Shape and form were themes running through my mind as I came off the fynbos and started walking down to the beach in the Cape of Good Hope Reserve. A sudden sharp stab to my leg made me yelp in alarm but the culprit was no venomous serpent but its floral equivalent – Snake Thistle (Cullumia squarrosa).

Many fynbos plants are prickly. Not thorny, like plants in Africa’s savannahs, but prickly: their leaves end in a sharp, stiff spine. This is reflected in the common names of several plants – Cape Gorse, Hiker’s Horror, Steekbos, Steekhaarbos and of course Snake Thistle – but if spiny leaves are meant to protect the plant from herbivorous predation – as a thorn tree or rose bush does – then why was this happening?

A baboon troop was foraging in the coastal fynbos and they romped over the prickly clumps of Snake Thistle like they were down-filled pillows. The baboons were after the flowers (in the interests of science I tried one and it was horrible) and they didn’t seem deterred by the spines at all.

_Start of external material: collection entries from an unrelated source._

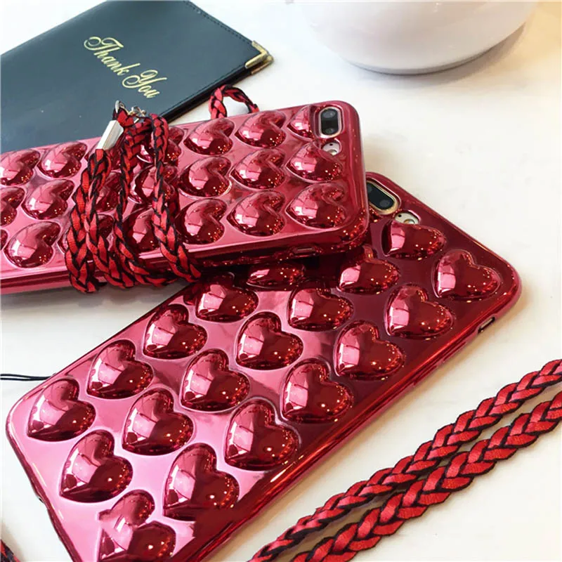 Feature:3D Luxury Electropla Love Heart Phone Case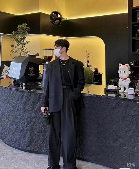 今日是休闲韩系西服套装上身的一天西服上身有型不会松垮 日常感非常nice同色系西裤版型宽松面料柔软舒适是男生衣柜里不可缺少的一件套装单品
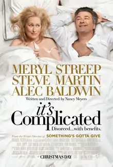 It's Complicated is a 2009 American romantic comedy film written and directed by Nancy Meyers.[4] It stars Meryl Streep[4] as a bakery owner and single mother of three who starts a secret affair with her ex-husband, played by Alec Baldwin,[4] ten years after their divorce – only to find herself drawn to another man: her architect, Adam (portrayed by Steve Martin).[4] The film also features supporting performances by Lake Bell, Hunter Parrish, Zoe Kazan, John Krasinski, Mary Kay Place, Robert Curtis Brown, and Rita Wilson, among others.[4][5]
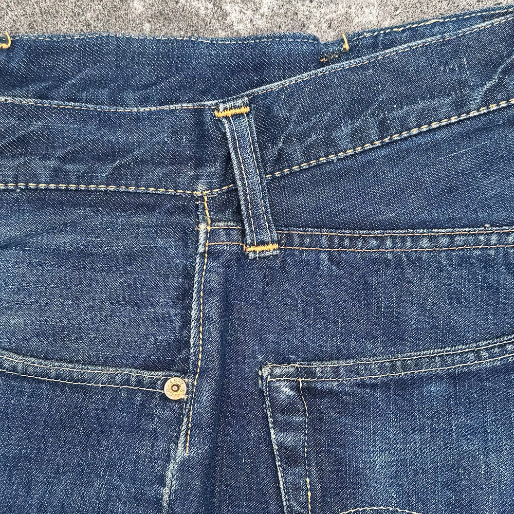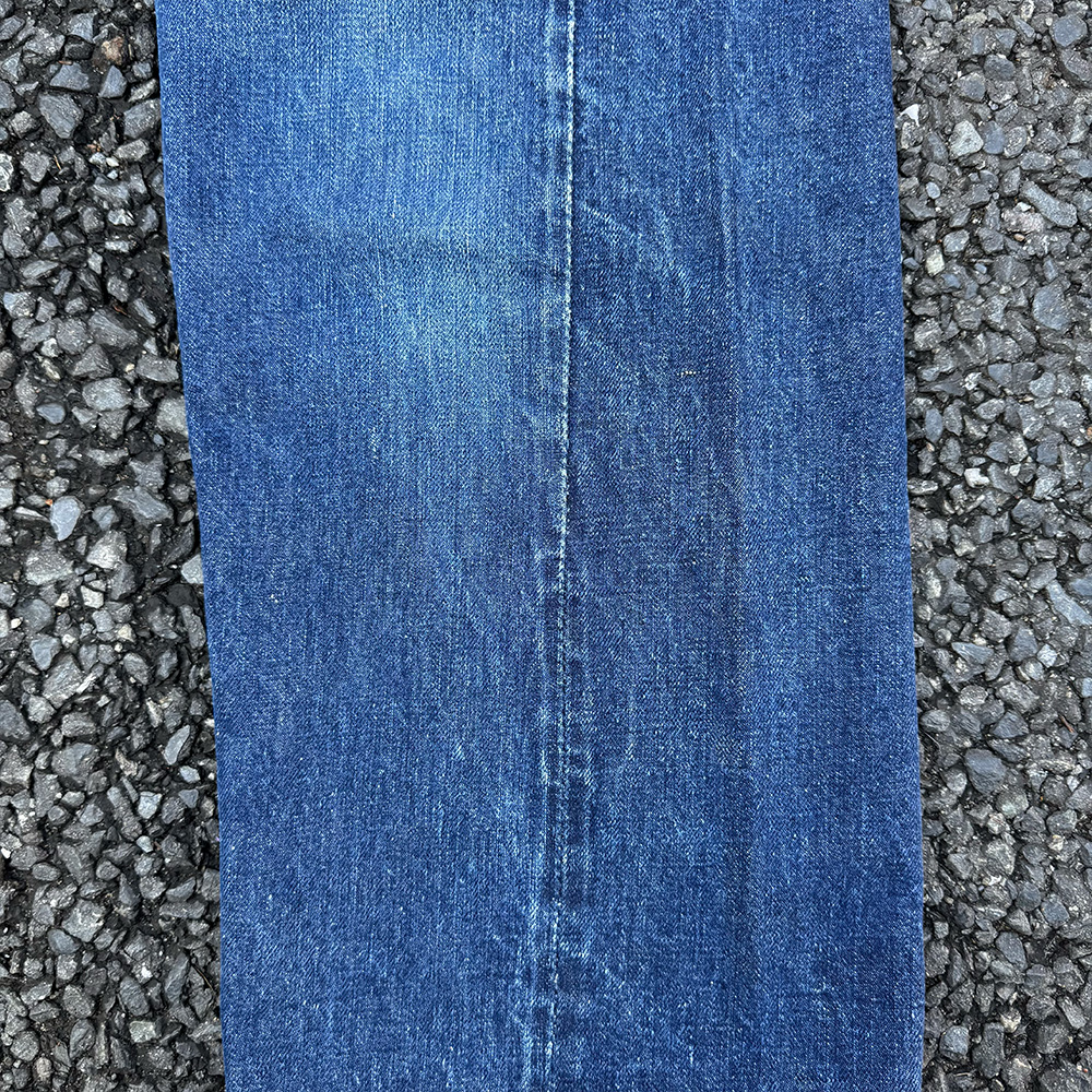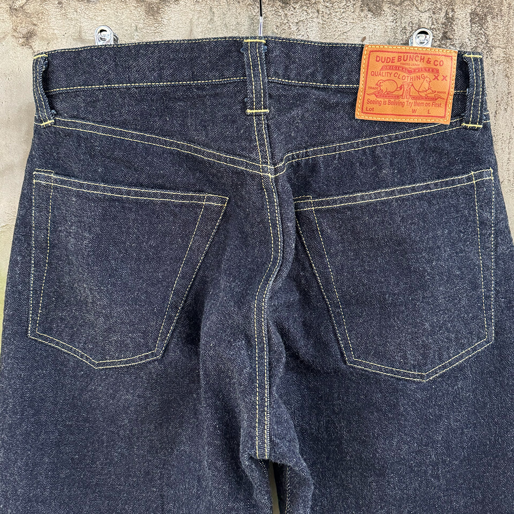 日本ではミミのアタリが出ることが良いとされ、製品時点で綺麗にミミを開いて納品される商品がほとんどです。それだけ日本人が几帳面で縫製に真摯に取り組んでいることの象徴的なエピソードですが、実際当時のアメリカのリーバイスはミミを丁寧に開いて店頭で売られていたのでしょうか。それを履く労働者もまた綺麗なミミのアタリを意識していたでしょうか。ヴィンテージに対してよりナチュラルなアプローチを考えた際、デュードバンチでは敢えてミミを開かない仕上げを選択しました。個体によって片側だけアタリが出たり、途中から開いたアタリが出たり、リアルなヴィンテージのアタリが生まれていくことを期待しています。もし綺麗に開いたアタリが欲しい場合は、かつてのように手元に届いた商品をアイロンで丁寧に開いてから履き始めることをお勧めします。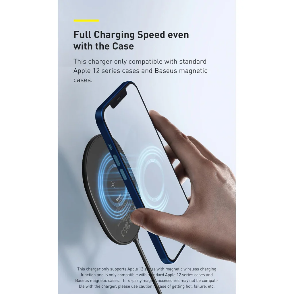 Ha szabványos Apple 12-sorozatú tokot vagy mágneses Baseus tokot használ, akkor nem is kell eltávolítania az okostelefonról a bekapcsoláshoz. Ez egy rendkívül praktikus megoldás, amely valódi kényelmet nyújt és időt takarít meg. Semmi sem akadályozza meg abban, hogy élvezze a gyors töltés előnyeit! Előfordulhat, hogy a töltő nem kompatibilis harmadik fél mágneses tartozékaival.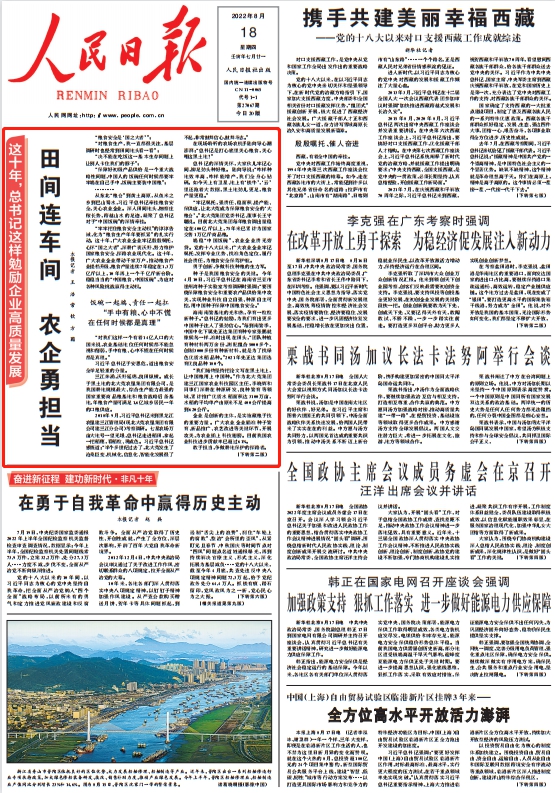 党的十八大以来,广大农业企业牢记总书记的嘱托,发挥资金、技术和人才优势,把小农户纳入现代农业,让广大农民真正挑上“金扁担”。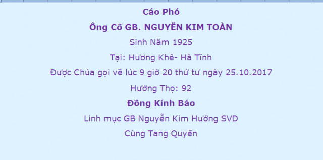 AI TÍN: ÔNG CỐ GIUSE HỒ ĐỨC LƯƠNG ĐÃ AN NGHỉ TRONG CHÚA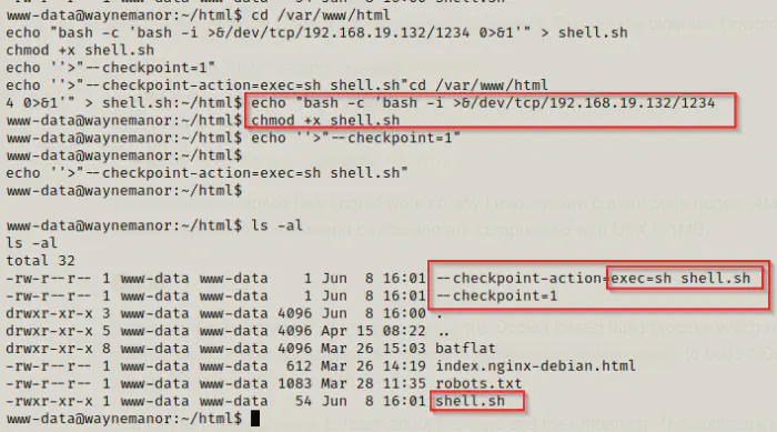 echo ''>"--checkpoint-action=exec=sh shell.sh"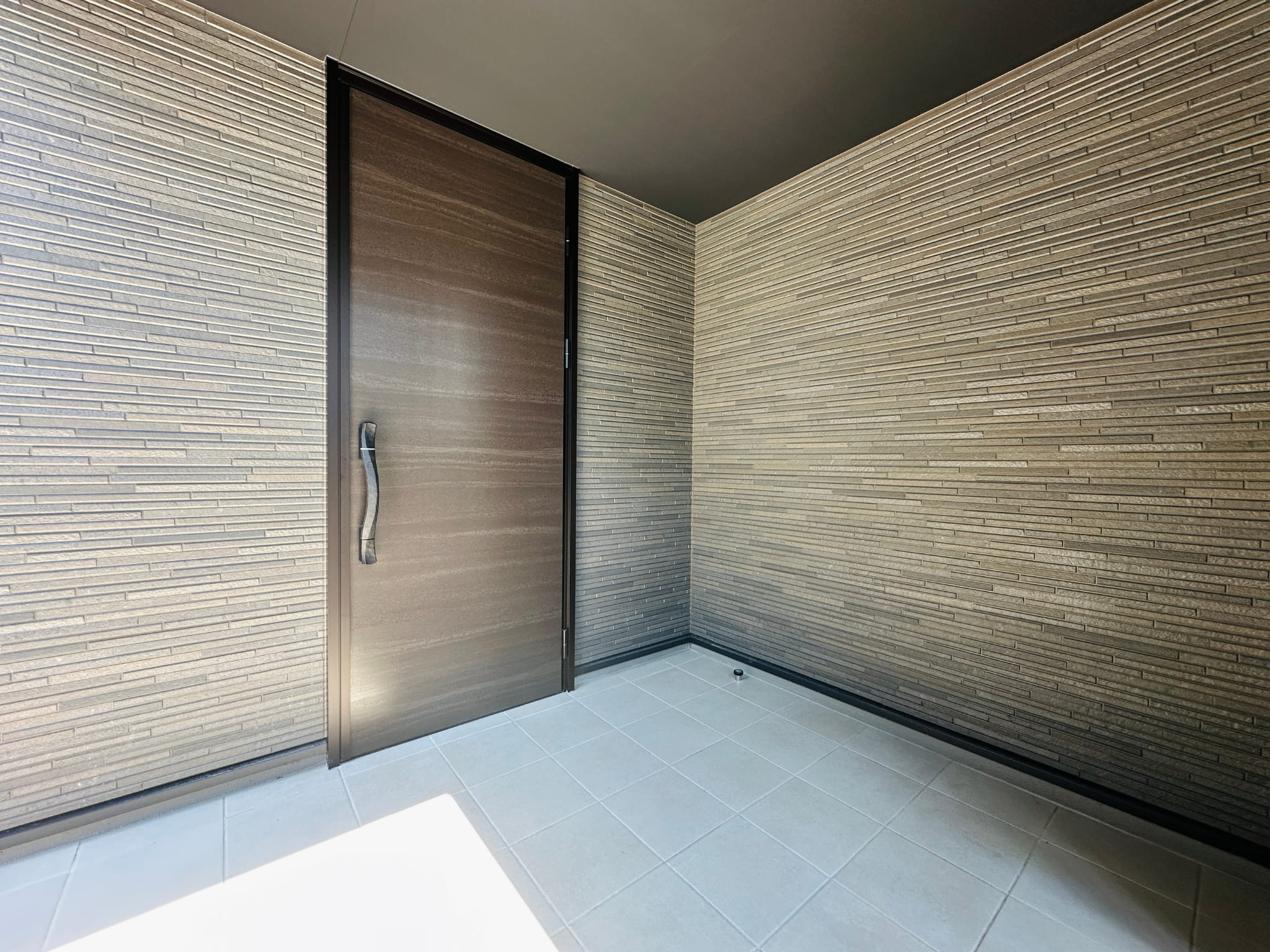 広い玄関ポーチは、来客を迎えるだけでなく、自転車やアウトドア用品などを置ける多目的なスペースとしても活躍。家族のライフスタイルに寄り添う機能的な設計です。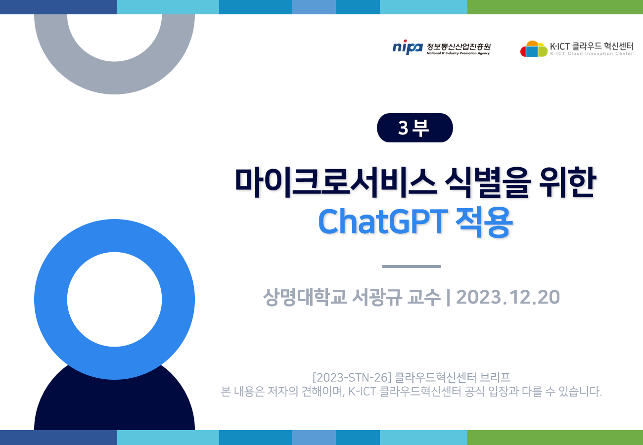 K-ICT 클라우드혁신센터의 저작물인 『마이크로서비스 식별을 위한 ChatGPT 적용』은 K-ICT 클라우드혁신센터에서 상명대학교 서광규 교수에게 집필 자문을 받아 발행한 전문정보 브리프로, K-ICT 클라우드혁신센터의 저작권정책에 따라 이용할 수 있습니다.

So what’s the point of them? Well, while it is true that some fynbos plants – notably post-fire colonising pea species – do have nutritious leaves that are aggressively sharp, it also pays to remember the golden design rule of all fynbos plants. And that is to reduce water loss.

Fynbos plants do this in a variety of ways: they may save water in fat, succulent leaves or minimise its loss via tiny, waxy leaves. Some plants cover their leaves in protective grey hair while others have lost their leaves entirely and photosynthesise through their green stems. And the spine-tipped leaf of the Snake Thistle is part of this: by channelling excess heat through the leaf and into the tip, the plant loses heat to the atmosphere and thus saves water – is it a step too far if it is likened to ‘sweating’?

By now I was on the cold sand of an Atlantic beach, looking at fresh otter tracks and wondering whether I should try and find them. Or maybe I should just slow down, turn over some rotting seaweed and see what happens. But that’s for another time.